Chore: reduce attack surface and size for Docker image

[bqcuong]

Hi,

This pull request includes a small improvement for the Dockerfile, which should help improve the security of container and reduce the risk of potential attacks.

In detail:

• I added --no-install-recommends to remove unnecessary apt packages, that were not needed for the container's functionality. Not only can this change trim your image size but it also can also reduce the attack surface.

As quoted from CIS Docker Benchmark v1.5.0:

4.3 Ensure that unnecessary packages are not installed in the container Description: Containers should have as small a footprint as possible, and should not contain unnecessary software packages which could increase their attack surface. Rationale: Unnecessary software should not be installed into containers, as doing so increases their attack surface. Only packages strictly necessary for the correct operation of the application being deployed should be installed.

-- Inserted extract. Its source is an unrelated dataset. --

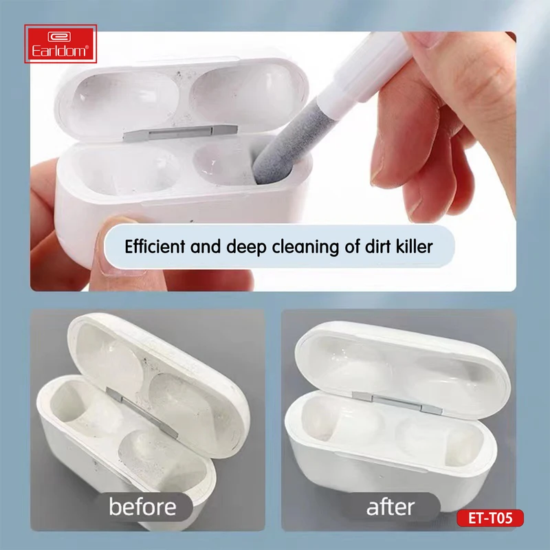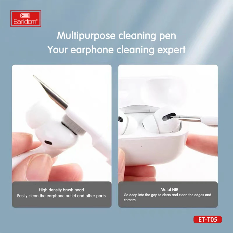 باکتری موجود روی گوشی و ایرپاد به دلیل استفاده روزمره و قرارگرفتن در مکان های متعدد از هر شیء دیگری بیشتر است. چون این وسیله با گوش انسان در ارتباط است مستقیما میتواند باعث ایجاد بیماری در بدن گردد . از طرفی پاک کردن هندزفری با مواد شوینده ی متفرقه ممکن است به آن آسیب برساند یا از کیفیت آن بکاهد. ابزار تمیز کننده ارلدام مدل T05 جهت پاک کردن ایرپاد و جعبه ایرپاد و همچنین نقاط مختلف گوشی موبایل که مستعد جذب و انباشتگی آلودگی مانند اسپیکر و بلندگو و دوربین و سوکت شاژ و …کاربرد دارد و شما را از آلودگی ها و حفظ سلامت شما در عین حفظ کیفیت ایرپاد و گوشی موبایل تولید شده است. با استفاده روزمره از ایرپادهای خود حتما شما هم با مشکل سیاه شدن درب ایرپاد و یا کثیف شدن محفظه ای که گوشی ها در آن قرار میگیرند مواجه شده اید این محصول تماما مشکل کثیفی ایرپاد و گوشی های موبایل و … را بر طرف می کند و با سری های مختلفی که در این مجموعه تنظیف وجود دارد به راحتی میتوان آنها را تمیز نمود.

I generated Dockerfiles from the new template file, and I selected one of them (enterprise/couchbase-server/6.0.5/Dockerfile) for testing the improvement impact on process. The differences between two builds are summarized in the below table:

Before improvement	After improvement
Newly intalled packages	48	38
Image size	921MB	913MB
Build time	110s	97s

• Removed unnecessary packages after the improvement:

  libkmod2 pciutils usbutils libmagic-mgc publicsuffix libusb-1.0-0 file libpci3 cron libmagic1

I hope that you find them useful. Please let me know if you have any concerns.

Thank you.

[bqcuong]

Hi @ankit-gautam23, should we consider an merge for it?